Elise does have a few tricks to reduce the impact of potential unstable states, and to help ensure that when a game state lends itself to unstable simulation, that it is able to ferret out a best move-equivalent anyway. (For example, Elise considers the median of game outcomes as well as the arithmetic mean in simulation, and is careful to ensure that simulation uses a representative distribution for opponent racks. Though this is not normally exposed to the user, you can see more information about the simulation calculations by right-clicking on a simulation move.)
Note that simulation only attempts to find the best move. It does not try to establish which move is second-best, third-best, etc. Once Elise is positive that a move is not the best move, it stops simulating that move (unless, in simulating other moves, something happens that makes it appear more attractive.) Therefore, on repeated simulation runs you may see the order of sub-optimal moves change.

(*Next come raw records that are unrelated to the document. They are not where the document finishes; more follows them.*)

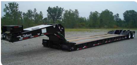
Industry Leading 20 in. Loaded Deck Height

Various Options Available Upon Request. Specifications Subject To Change Without Notice.
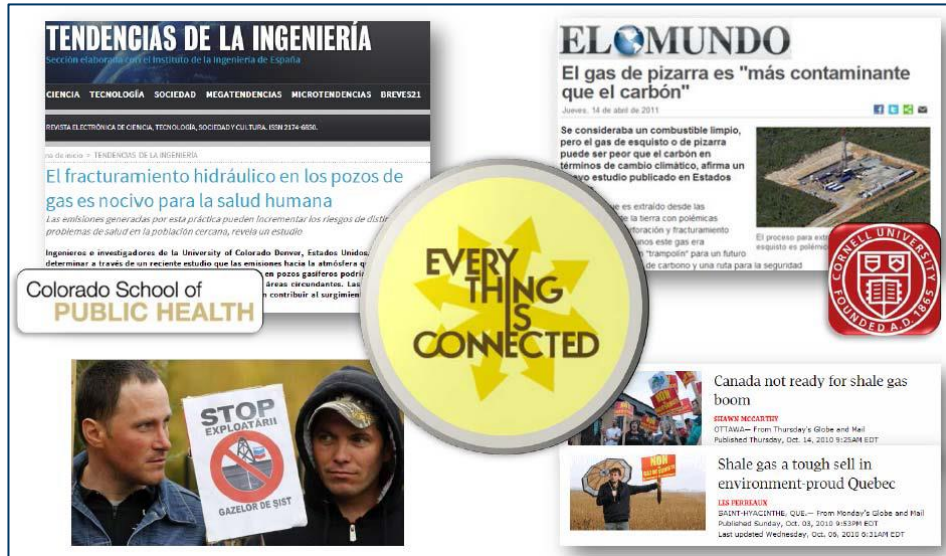
Figure 1. Everything is Connected

In an interconnected world, the pace is faster and the stakes much higher. Local problems can become national or global very quickly and projects can go from success to failure in a matter of days, even hours. For this reason, these risks must be dealt with on multiple fronts and on a continuous, near-real time basis. To fully mitigate aboveground risks, an all-encompassing communications and rapid response effort that focuses on education and outreach specific to the issues and crisis at hand is needed. But creating a program of this sort, one that is rapid and successful in meeting objectives, has its own challenges and tactical considerations.
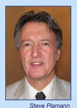
Aaction Rents President Our Mission: The Mark West Area Chamber of Commerce is organized to advance the economic wellbeing and uniqueness of the Mark West Area so that its citizens and all areas of its business community shall prosper.
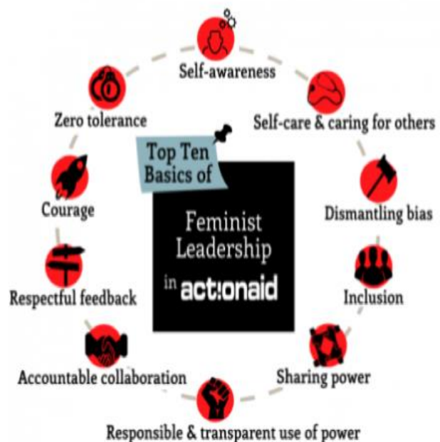
Figure 2: Action Aid's Ten Principles

The most basic action that humanitarian leaders can take to adopt a more feminist approach and realize some of the key goals of humanitarian action is to engage women in leadership decisions. This, according to learning from ActionAid
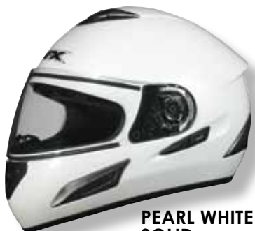
PEARL WHITE SOLID
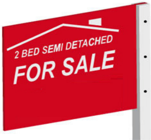
Flag Boards (Slotted Version)
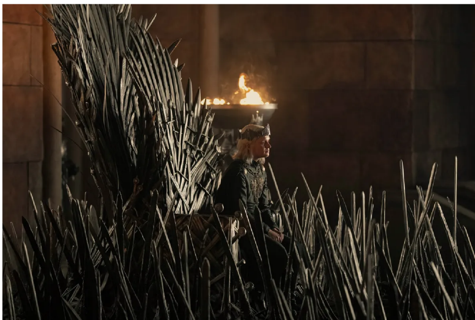
Warner Bros. Discovery

The battle for the Iron Throne is back. The return of House of the Dragon contributed to the largest single-day audience ever on Max. Still, the 7.8 million viewers were a 22% decline from last year. Don't worry, fans can try to top its debut again as the network has already ordered a third season.
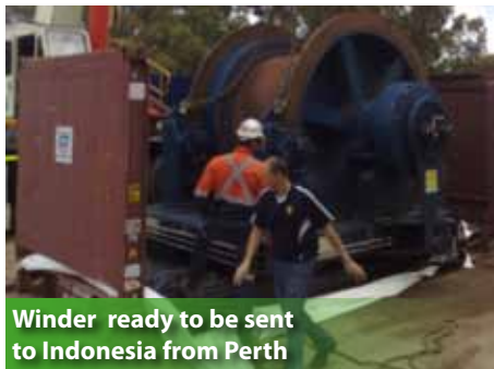
Winder ready to be sent to Indonesia from Perth

Ultimately, this "imperfectly stable" behavior is part of Elise's design. Stability in all game states is not the primary goal of Elise's fast simulation; its primary goal is to converge on the optimal move (or something practically equivalent) quickly in as many game states as possible. In a timed mixed game, play strength can actually be improved by having a fast move evaluation algorithm with slight instabilities rather than a slower, more stable algorithm.
Why does simulation in a game of Clabbers take eons?
Elise has a lot more possiblilities to consider in Clabbers -- both for its moves and its opponents' responses -- and many of the alternate tile placements for a move in Clabbers are basically identical in terms of value. Improving simulation so it actually converges at better than a glacial pace in Clabbers games is on the "to do" list. In the meantime, you can console yourself with the fact that Elise's "quick move" in Clabbers is quite strong.
Elise has a "fast lookahead", is there a slow lookahead too?
Yes and no. It exists, but more as a debugging tool than anything else. It is not built in the release version of the program.